11.520: A Workshop on Geographic Information Systems |
11.188: Urban Planning and Social Science Laboratory |
INTRODUCTION
In this exercise, you will explore the spatial patterns of the housing and
socio-economic characteristics of communities in and around
We ask you to use these data to prepare a short report with textual discussion plus three maps for Part I and two maps (with a table) for Part II.
Before starting the hands-on work, read through the entire assignment to get a sense of the datasets, analytic approach, and processing steps. Then, make sure you can access the datasets in the 11.520 Locker. [As explained in the lab exercises, you can find the locker by navigating through the sub-directories on network drive Z:, or you can attach the class locker to a new drive letter - we suggest Drive M: (for maps). The earlier lab exercises explained how to mount the Andrew File System locker //afs/athena.mit.edu/course/11/11.520/ on network drive M:]
DATA
The census tract boundaries are saved in a 'shapefile' that contains only the boundary geometry and a few geographic identifiers (like county, track number, etc.). This shapefile must be joined with a dbf-formatted table in order to relate the census data to specific census tracts. The census tract shapefile is called msa5_tr90.shp. It is located in the class data locker (M:\data) and contains all the 1990 census tracts in the five Eastern Mass counties in and around Boston.

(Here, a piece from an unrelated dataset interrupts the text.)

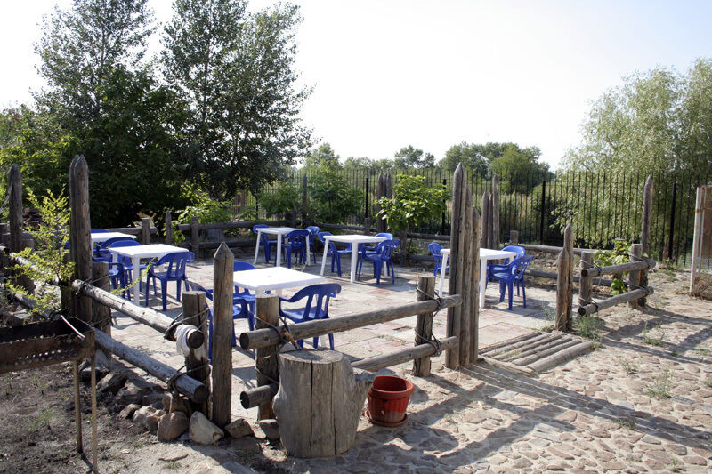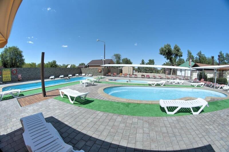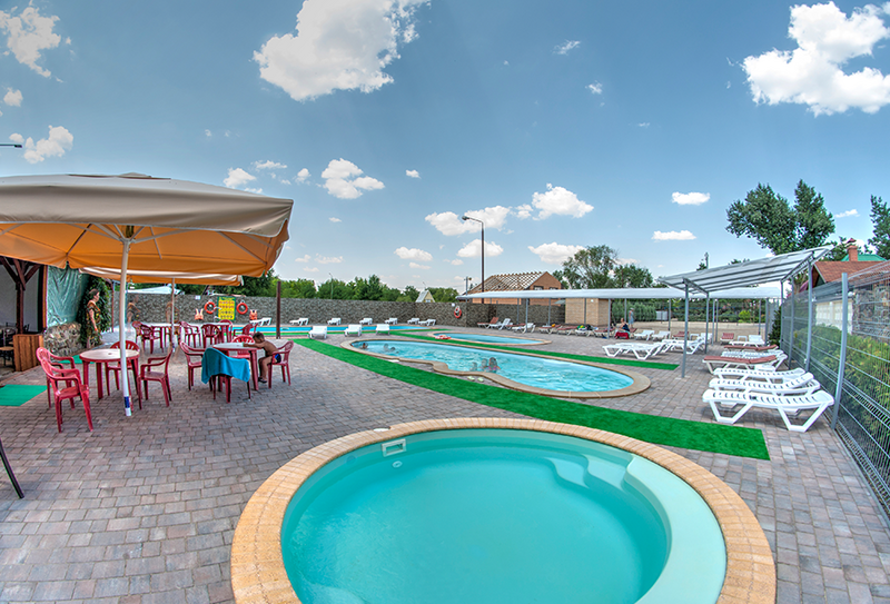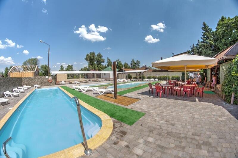 К услугам гостей базы отдыха — просторный плавательный бассейн в обустроенной аквазоне. Рядом есть столики под большими зонтами для расслабленного отдыха..

The socioeconomic data for these tracts have been pulled from the 1990 Census SF3A datasets and are stored in the same M:\data directory in a dbf-formatted table called msa5_tr90_data.dbf. This file must be 'linked' or 'joined' to the attribiute table for the tract boundaries by a common field called "STCNTYTR" before you will be able to generate thematic maps using the census data. (STCNTYTR is the abbreviation for STate-CouNTY-TRact.) Use the ArcMap help files to see how to 'join' the data table to the attribute table if you want to get started with the homework before we show you how to do this in class.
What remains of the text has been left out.